Michelle Lepianka Carter/The Tuscaloosa News/AP

Potential new sorority members participate in recruiting at the University of Alabama in 2012, a full decade before “Bama Rush” was filmed.

Ispa-Landa, an associate professor of sociology at Northwestern University, also interviewed sorority members at an unnamed and highly selective college. Members there “despised” Southern sororities, she said in a phone interview.

But these Greek organizations also emphasized clothing and style during the recruitment process, Ispa-Landa said: When they took coats from PNMs, they secretly checked labels to find brands and designers. Class signifiers were another way to assess young women seeking membership, she said.

“They had other ways of using clothes to exclude and include,” Ispa-Landa said.

The elite college sororities shared the same goals as the Southern sororities: to build a promising class of conventionally attractive young women with ambition who would raise their profile on campus.

“I think a lot of the dress codes, formal and informal, that are part of sorority recruiting have to do with wanting to keep the group attractive to those high-status men — the fraternity men,” said Ispa-Landa.

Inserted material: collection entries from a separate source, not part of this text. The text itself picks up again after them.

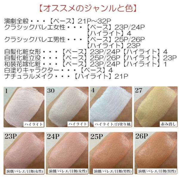色数が豊富ですので巾広い役柄の化粧ができ、和装花嫁、舞踊化粧の下地ファンデーションとしても多く使用されています。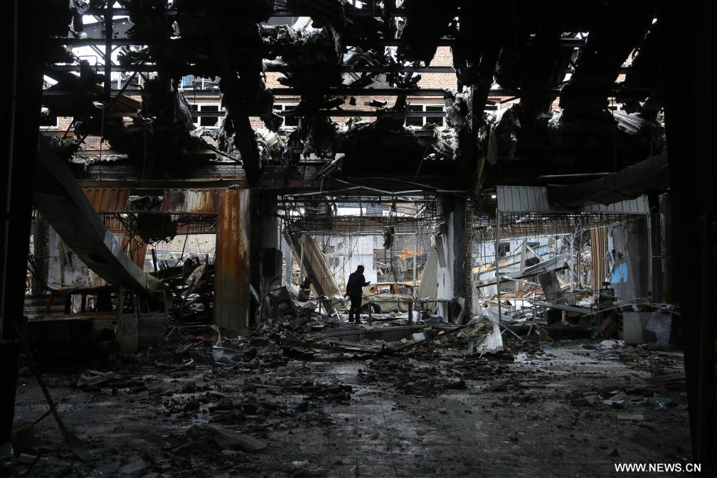 بكين 30 مارس 2026 (شينخوا) في الصورة الملتقطة 12 مارس 2026، رجل يحمل أدوات منزلية من مبنى متضرر في العاصمة الإيرانية طهران.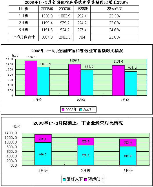 附:2008年1-3月全国住宿与餐饮业零售额对比情况表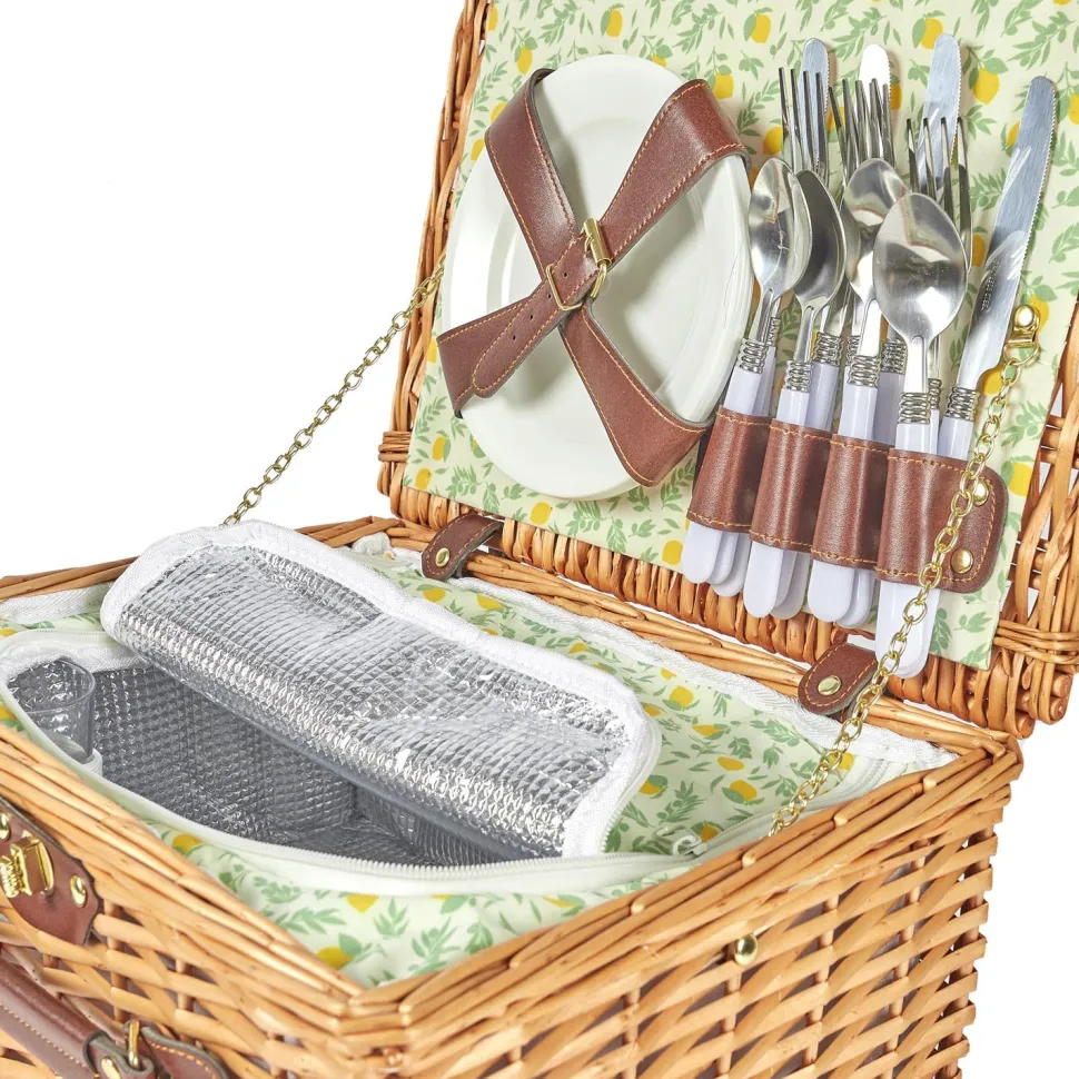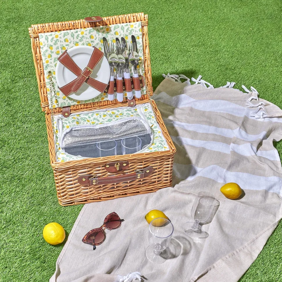 Kosz piknikowy dla czterech osób to idealne rozwiązanie na niedzielne wypady za miasto, rodzinne pikniki czy romantyczne wycieczki. Elegancko zaprojektowany, wyściełany tkaniną z letnimi motywami, kosz ten nie tylko ułatwia organizację posiłków na świeżym powietrzu, ale także dodaje stylu każdej okazji. Wnętrze kosza jest starannie zorganizowane, zawierając komplet sztućców i talerzy dla czterech osób, co pozwala na komfortowy i swobodny posiłek w plenerze.

Even when PNMs are doing everything “right” on the surface — sticking to certain types of attire and discussing trivial matters when recruiting — it may not be enough.

Elizabeth Bronwyn Boyd, author of “Southern Beauty: Race, Ritual, and Memory in the Modern South,” says in the documentary that recruitment is essentially “organizing people and groups of people into levels of power, status, and prestige”.

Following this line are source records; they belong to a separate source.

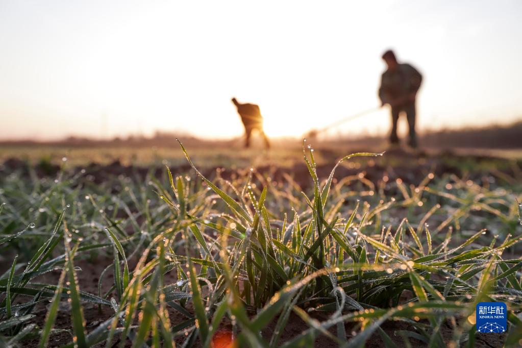 10月23日,河北唐山遵化市东新庄镇后毛庄村的农民在管护麦田。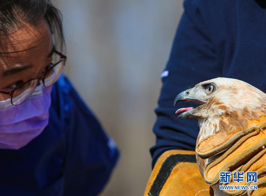 3月20日,北京猛禽救助中心猛禽康復(fù)師戴暢在放飛大鵟前進行最后的檢查。新華社記者 李京 攝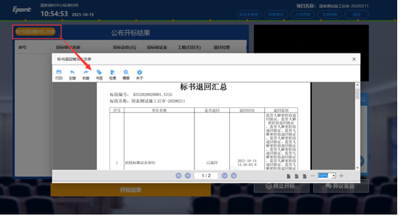 唱標頁面“標書退回情況匯總表”按鈕,可打印標書退回情況。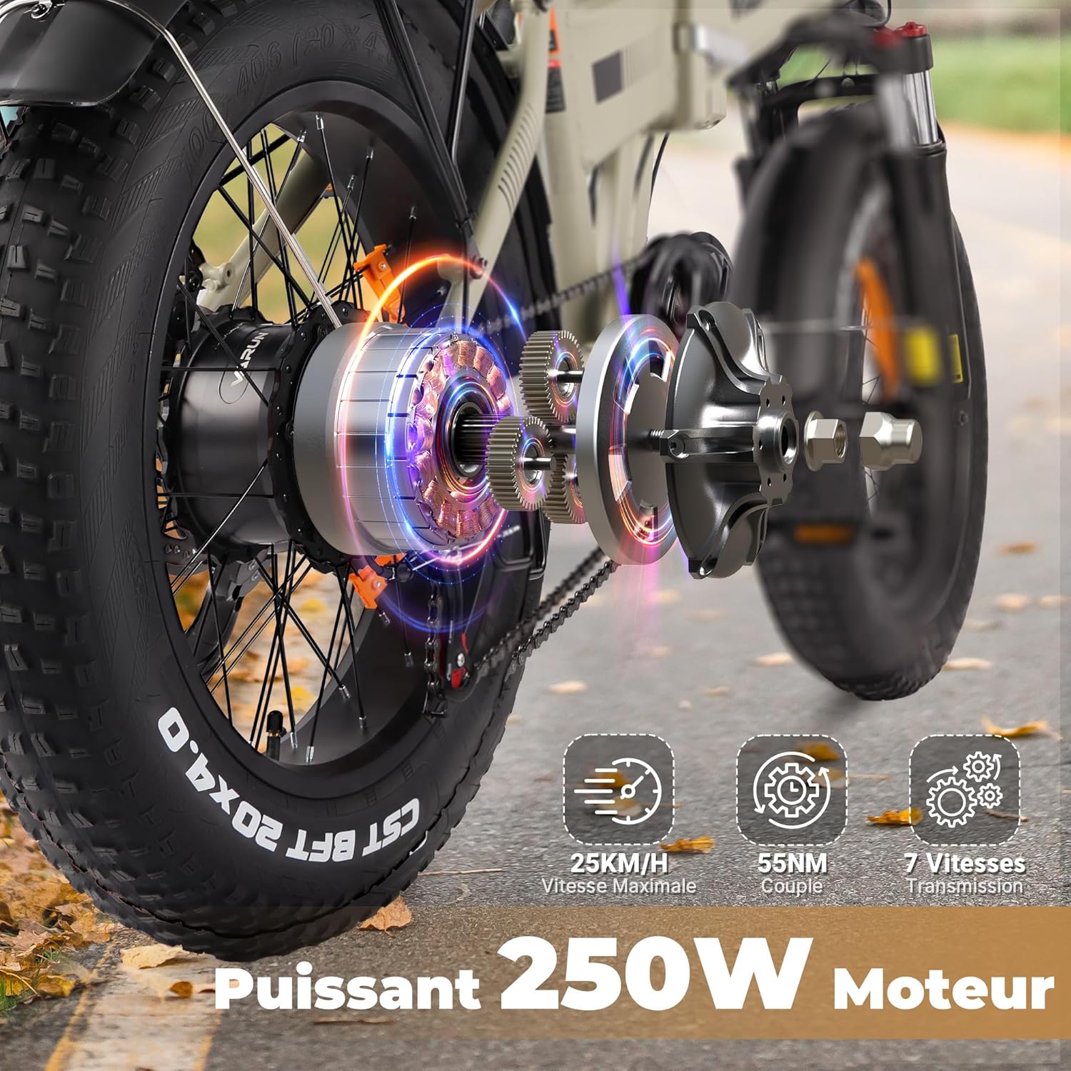 Doté de pneus larges de 20″ x 4.0″, ce vélo offre une excellente adhérence sur différents types de surfaces, qu’il s’agisse de routes urbaines, de sentiers, de plages ou même de chemins enneigés. Vous profitez ainsi d’une conduite stable et sécurisée, quelles que soient les conditions.

The Sisterhood Rush, she says, is a “proving ground for competitive femininity and contemporary Southern belle performance.” Consequently, many racialized elements of recruitment remain to this day. This was evident on Bama #RushTok, where most of the “main characters” were blonde, white and thin. In 2021, a biracial #RushTok star said she was pulled from all sororities before receiving an offer despite her immense popularity among viewers.

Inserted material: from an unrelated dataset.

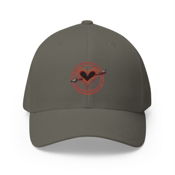 A clean, structured cap with a soft curve and subtle embroidered emblem that reads like a quiet personal statement. The mid-profile silhouette keeps it low and wearable, while the silver undervisor adds a hint of unexpected polish when you glance down. Built with a stretch band for a close, comfortable fit, this cap moves with you—on city walks, morning runs, or when you simply need a little sun-shield that still feels thoughtful. The embroidered heart-target motif sits centered on the front, small but expressive, adding handcrafted texture to a minimalist canvas.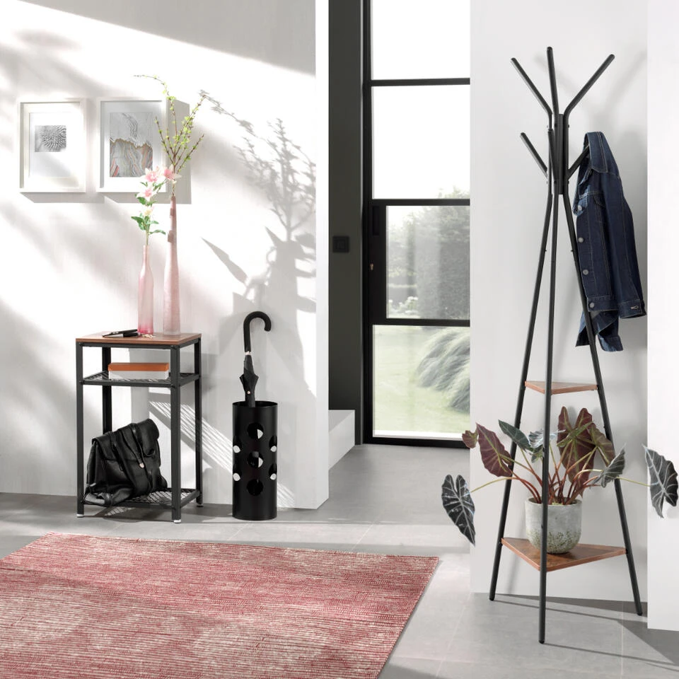 Liefhebber van eenvoudige en effectieve meubelen? Dan is deze kapstok perfect voor jou! Naast een zeer goede prijs/kwaliteitsverhouding biedt de kapstok ook de mogelijkheid om verschillende objecten zoals hoeden, tassen, sjaals of andere voorwerpen aan op te hangen. En dat is nog niet alles! De kapstok bevat ook twee compacte legplanken waarop u decoratieve objecten kunt etaleren.

Panhellenic sororities have been predominantly white since their founding in the late 19th and early 20th centuries, when it was extremely rare for black women to be accepted into a predominantly white university. But segregation continued long after black students began attending these schools, Texas Christian University professor Charlotte Hogg wrote for The Washington Post in 2020.

Black students would continue to form Greek organizations both at Howard University, an HBCU, and at predominantly white universities. These historically black fraternities and sororities are known as the “Divine Nine” and do not operate in the same system as historically white fraternities and sororities.

The historically white sororities at the University of Alabama weren’t even officially desegregated until 2013, after student newspaper The Crimson White revealed that some of the organizations were actively avoiding extending offers to black PNMs.

Courtesy of Max

Holliday, a student at the University of Alabama, was removed from her sorority as a freshman.

Only two of the four subjects interviewed in “Bama Rush” later joined sororities. One, who was “dropped out” by her first year of sorority, opted out of recruiting, and another dropped out before completing recruiting, tired of the artificiality of the process. (It was PNM shopping with Addicks; she later said that none of the dresses she tried on looked like her.)

Going through recruitment requires a compliance that’s probably familiar to most young women finding out who they are, and that’s perhaps why the process at schools like the University of Alabama remains so popular. But Ispa-Landa said many sorority members are disappointed when the idealized image of Greek life presented in recruitment fades.

“The women in my sample were really excited and hopeful to join,” she said. “But once they joined, they discovered a lot of things that made them really unhappy. The surge of excitement can kind of mask the darker things in some ways.